Op 24 oktober 2019 waren 14 mensen aanwezig op de verhalendag over neonatologie, babyvoeding, en het meten in de couveuse. Oorspronkelijk was gedacht aan een symposium met een grotere opkomst. Nu zich een handjevol zeer deskundige geïnteresseerden had aangemeld, is gekozen om het symposium in een andere vorm door te laten gaan. De inleidingen door Petrie Roodbol (voorzitter SHVB) , Loes Schultz (Catharina Schrader Stichting) en Timothy Singowikromo (Create4Care project van het Erasmus MC) werden door de aanwezigen aangevuld met verhalen van vroeger en nu. Regelmatig werd gewezen op een voorwerp uit de collectie van het SHVB.
Neonatologie
De fascinatie voor neonatologie van Petrie Roodbol dateert vanaf haar opleidingstijd in Leiden en is gebleven tot haar afscheid onlangs als hoogleraar in Groningen. Gelukkig zijn er in die ruim 40 jaar verbeteringen opgetreden zoals de veel kindvriendelijker pleisters. Waar Petrie vroeger nog moest uitleggen op het lab dat echt geen 10 ml bloed afgetapt kan worden bij een baby van 1500 gram, kan nu bij bloedbepalingen worden volstaan met een veel kleinere hoeveelheid bloed.
Couveuses
Instinctief heeft men aangevoeld dat pasgeborenen warmte nodig hebben. Rond 1900 zijn de eerste couveuses ontwikkeld; in de collectie SHVB zijn diverse types te zien. De eerste couveuses werden op diverse wereldtentoonstellingen compleet met levende prematuren tentoongesteld. De moeders mochten niet mee; het positieve effect was dat de prematuur nu bleef leven en dat de zorg werd overgenomen door een professional. Dit was echter het begin van de verwijdering van moeders van hun pasgeborene. Baby’s lagen bloot in de couveuse zolang het noodzakelijk was de ademhaling goed te controleren was.
Couveuse en geluid
Couveusekinderen zijn erg gevoelig voor geluid. Vroeger maakte het motortje van een couveuse veel geluid. Het geluid in een couveuse was 70-80 decibel, te vergelijken met het geluid van auto’s langs de snelweg. Daarom kregen ouders het advies om hun kindje thuis naast de koelkast te laten slapen. Tegenwoordig wordt het geluid rond een couveuse tot een minimum beperkt: door zacht te praten, niet te slaan met deuren; pedaalemmers zacht dicht te doen. Van muziek in de couveuse is men teruggekomen.

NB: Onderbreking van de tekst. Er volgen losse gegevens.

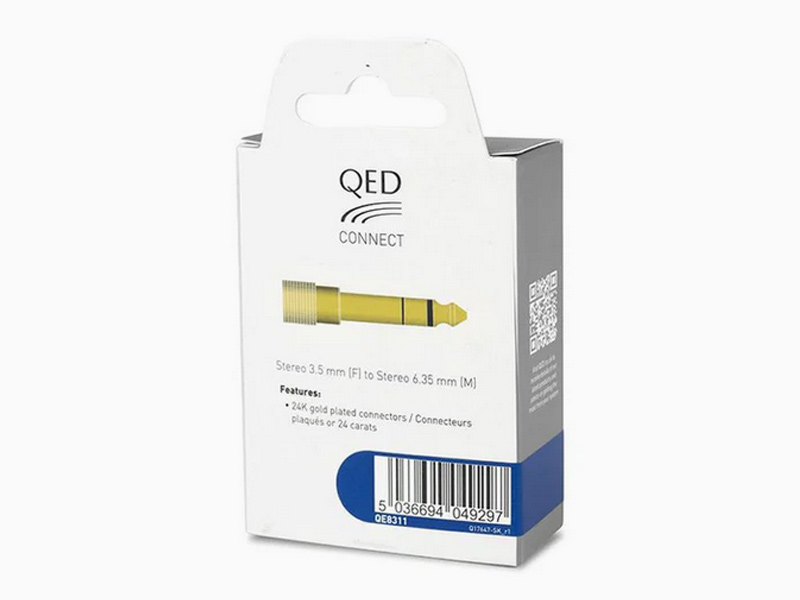 Адаптер QED CONNECT JACK 6.35-3.5MM преобразует разъем для наушников 3,5 мм в разъем 6,35 мм, чтобы вы могли подключить наушники к устройству, имеющему только больший выход 6,35 мм например усилителю, ЦАП или усилителю для наушников.
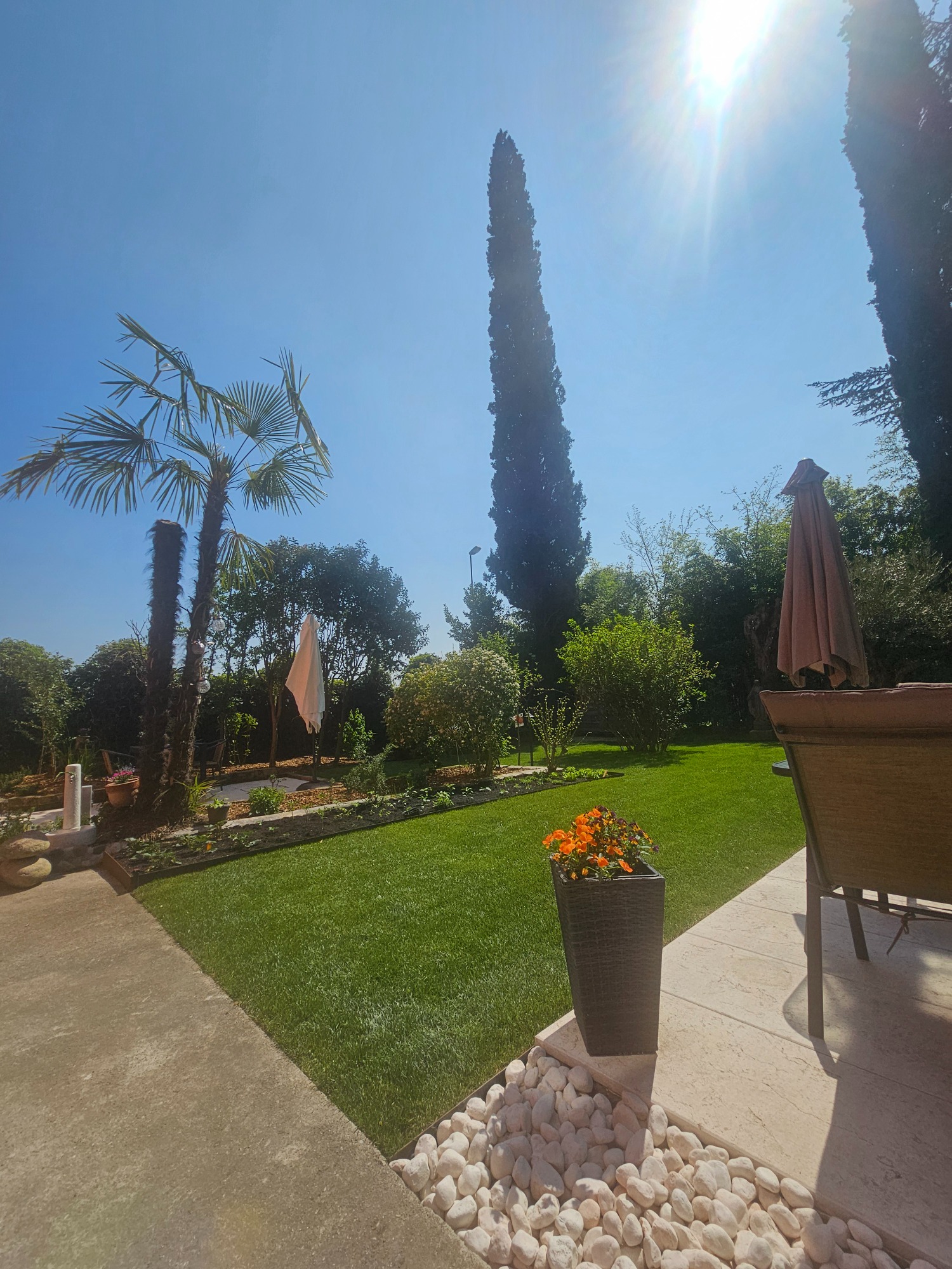 Essbereich mit Sonnenschirm und Gartenblick
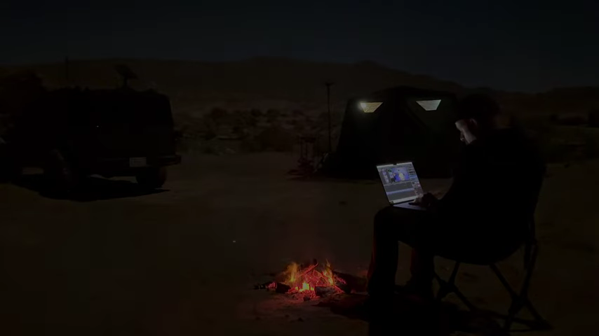 The highlight of the evening is the campfire, an essential element of any camping trip. With the Blackbeard fireplugs and a ferro rod, the Camper brings the fire to life, setting the stage for an evening of editing videos by the firelight. This blend of work and wilderness showcases the ultimate balance between productivity and adventure.
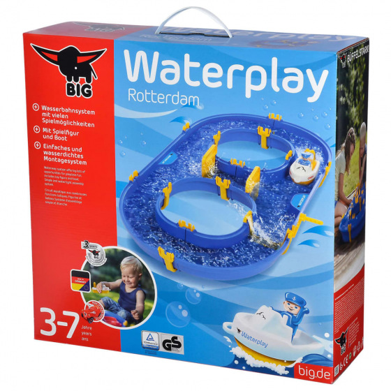 Big velký vodní svět Amsterdam. Pomocí vodních zátarasů děti ovlivňují tok vody, a tím dávají do pohybu různé lodičky apod. Nechybí vodní kolo, nákladní přístav, 2 zásobníky na vodu s uzávěry a pumpou. Součástí jsou 3 figurky. Rozměry: 175 x 27 x 143 cm. Hmotnost 6,2 kg.
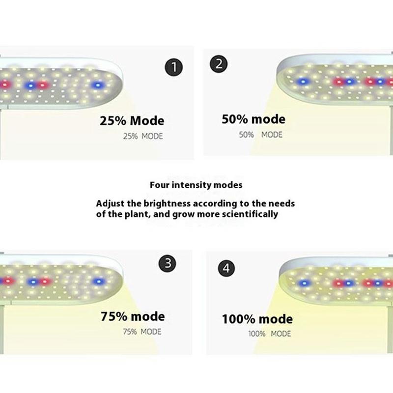 - 4 dimmbare Stufen: Wählen Sie zwischen 25 %, 50 %, 75 % oder 100 % Helligkeit, um den spezifischen Lichtbedürfnissen Ihrer Pflanzen in verschiedenen Wachstumsphasen gerecht zu werden.
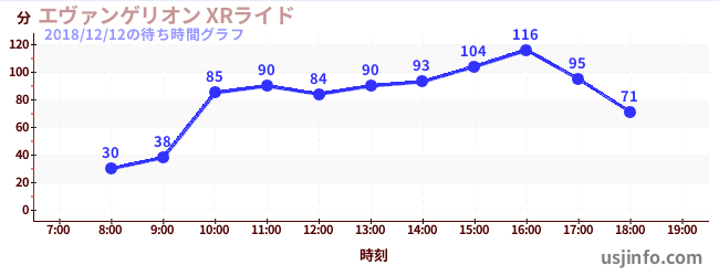 • エヴァンゲリオン XRライド$B$N(B2018年12月12日の待ち時間
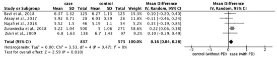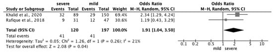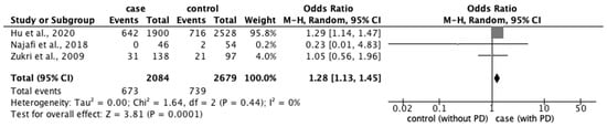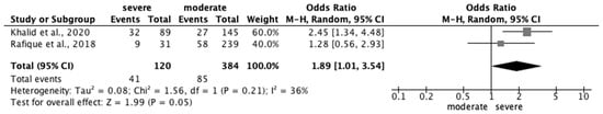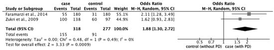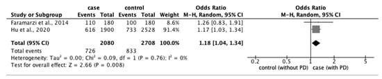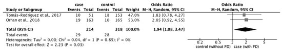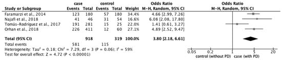 Statistical analysis and meta-analysis were performed using Review Manager software version 5.4 (The Nordic Cochrane Centre, Copenhagen, Denmark). We used the random-effects models to calculate each outcome’s risk regarding prevalence and severity (mild, moderate, or severe) for PD and PMS. The effect size was reported as odds ratio (OR) and its 95% confidence interval (CI).
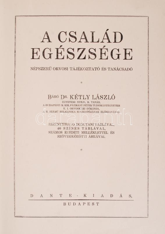 Báró Dr. Kétly László: A család egészsége. Népszerű orvosi tájékoztató... https://www.darabanth.com/en/213-Online-auction/213.0/Other-collectibles/Books-Science-and-technology~29/Baro-Dr-Ketly-Laszlo-A-csalad-egeszsege-Nepszeru-orvosi-tajekoztato-es-tanacsado~II892181
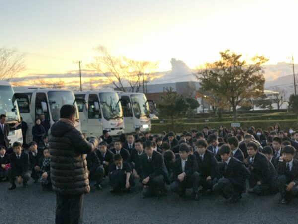 12月3日(火)に2年生が九州修学旅行に出発しました。早朝の集合にもかかわらず、遅刻者ゼロ、体調不良者ゼロで無事に九州に向けて出発しました。これから羽田空港から鹿児島空港に向かいます。心配された天気も快晴でしたので、いいスタートが切れました!舘岡先生の後ろ姿もカッコいい!!
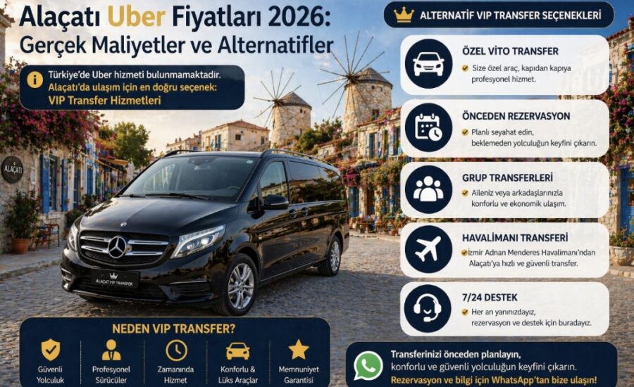 Alaçatı Uber fiyatları 2026 için araştırılamaz çünkü Türkiye’de hizmet yoktur. Uber 2020’de Türkiye pazarından çekilmiştir. Ancak alternatif VIP transfer fiyatları çok avantajlıdır. Alaçatı Uber Alternatifi VIP Transfer sayfasından güncel fiyatları öğrenebilirsiniz. Şeffaf ve sabit fiyat garantisi sunulmaktadır.
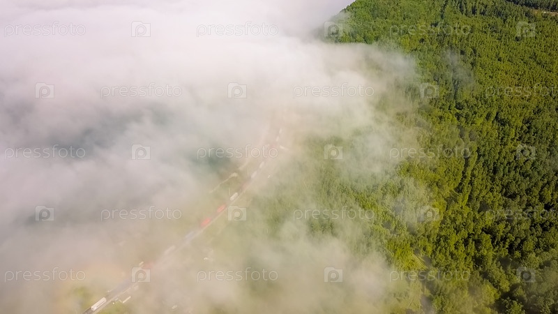 Полет над облаками. Побережье Байкала. Горы, покрытые лесом. Россия, с дрона
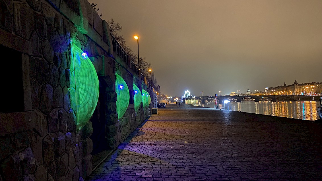 Hořejší nábřeží (upper embankment) ist ein Ort am Fluss, der auf wunderbare Weise das Vergehen/das Fließen der Zeit darstellt. Ebenso wie den Versuch des Menschen, den Fluß einzugrenzen, sich den Fluß unterzuordnen, und diesen für seine Zwecke zu nutzen. Der Fluß als Gefahr bei Hochwasser, als lebensnotwendiges Element. Der Fluß als Grenze, als Schutz, aber auch als Hindernis. Der Fluß als Möglichkeit für den Transport usw.
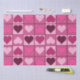 Un motif basé sur les coeurs graphiques simples horizontalement et verticalement divisé par les discriminations raciales de solide. Chaque coeur seule carré. Tous les coeurs, les milieux carrés et les lignes varient en couleurs enjambant de rose-clair au burgund. Doux et romantique, approprié sur des Valentines ou pour montrer juste du romance à tout moment ! Il y a également une version avec des coeurs beaucoup plus petits.
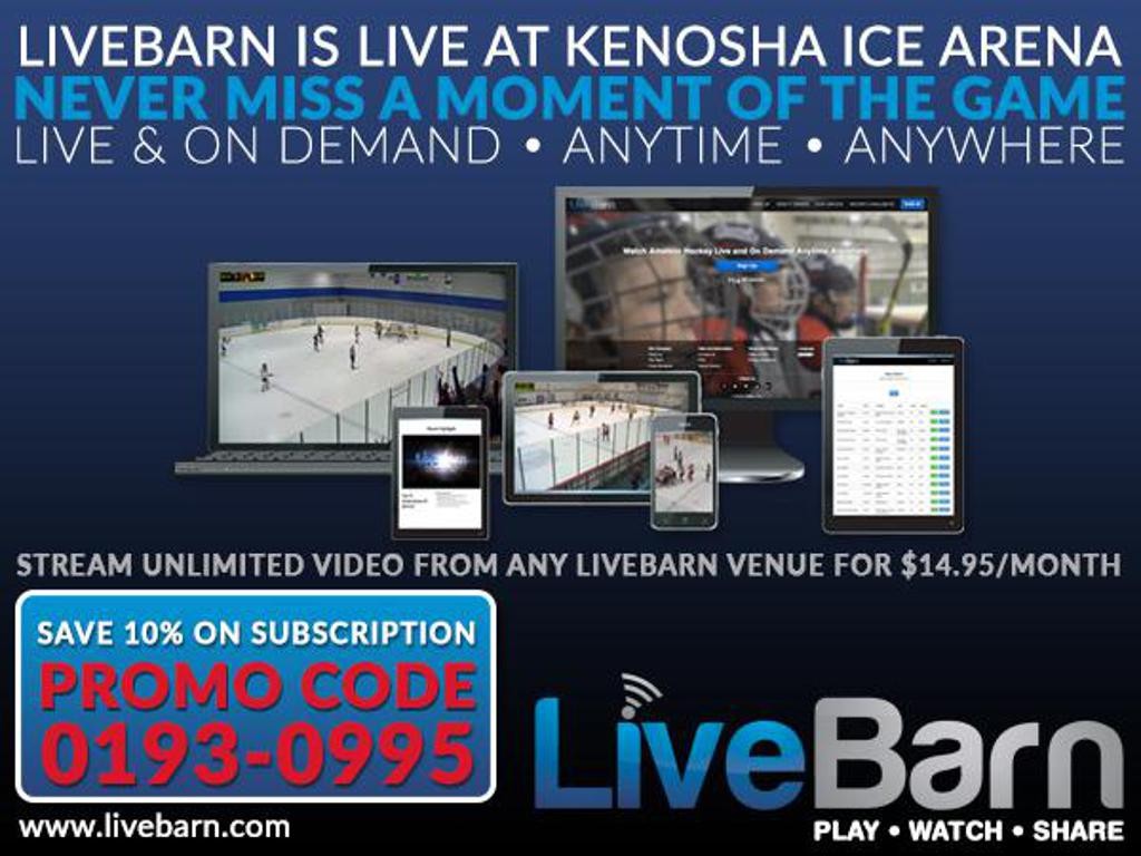 LiveBarn is available via a monthly subscription basis starting at $14.95/month. Use the Kenosha Ice Arena PROMO CODE: 0193-0995 for a 10% discount.

Temperatuur en licht in de couveuse
De luchtvochtigheid en temperatuur in een couveuse kan worden ingesteld op basis van het gewicht van de baby. In 1970s stond onderin een couveuse een waterreservoir waarin een spiraal om het water te verwarmen. Er zat een tabletje in om het water schoon te houden – tegen algengroei. Aan de couveuse waren slangen bevestigd om schone lucht toe te voeren.
Lichttherapie
In Groningen ligt nu een lichtwerende lap, een cover, over de couveuse met daarin een camera, zodat ouders thuis hun kindje kunnen volgen. De cover kan worden teruggeslagen bij het toedienen van lichttherapie; de baby krijgt dan een brilletje op. Voor lichttherapie moet een baby bloot zijn. Voor de geboorte functioneren de longen van de foetus niet dus heeft de foetus veel rode bloedlichaampjes. Na de geboorte moet dat teveel afgebroken worden. Normaal gesproken kan een kindje dat aan. Sommige baby’s krijgen last van de afbraak van rode bloedlichaampjes en dan komt bilirubine vrij. Dit wordt opgeslagen in de huid en het kindje ziet er dan geel uit. Bij donkere baby’s is dit te constateren aan het oogwit dat ook geel wordt. Als je een kind niet helpt bij de afbraak van biluribine dan kan hersenschade ontstaan, maar dat is tegenwoordig heel zeldzaam. Bij ernstige gevallen kan worden overgegaan tot een wisseltransfusie waarbij de baby donorbloed krijgt, maar ook dat komt tegenwoordig zelden meer voor. Tegenwoordig kunnen problemen met biluribine ontstaan bij baby’s van illegalen die vaak te laat zorg opzoeken uit angst voor financiële consequenties.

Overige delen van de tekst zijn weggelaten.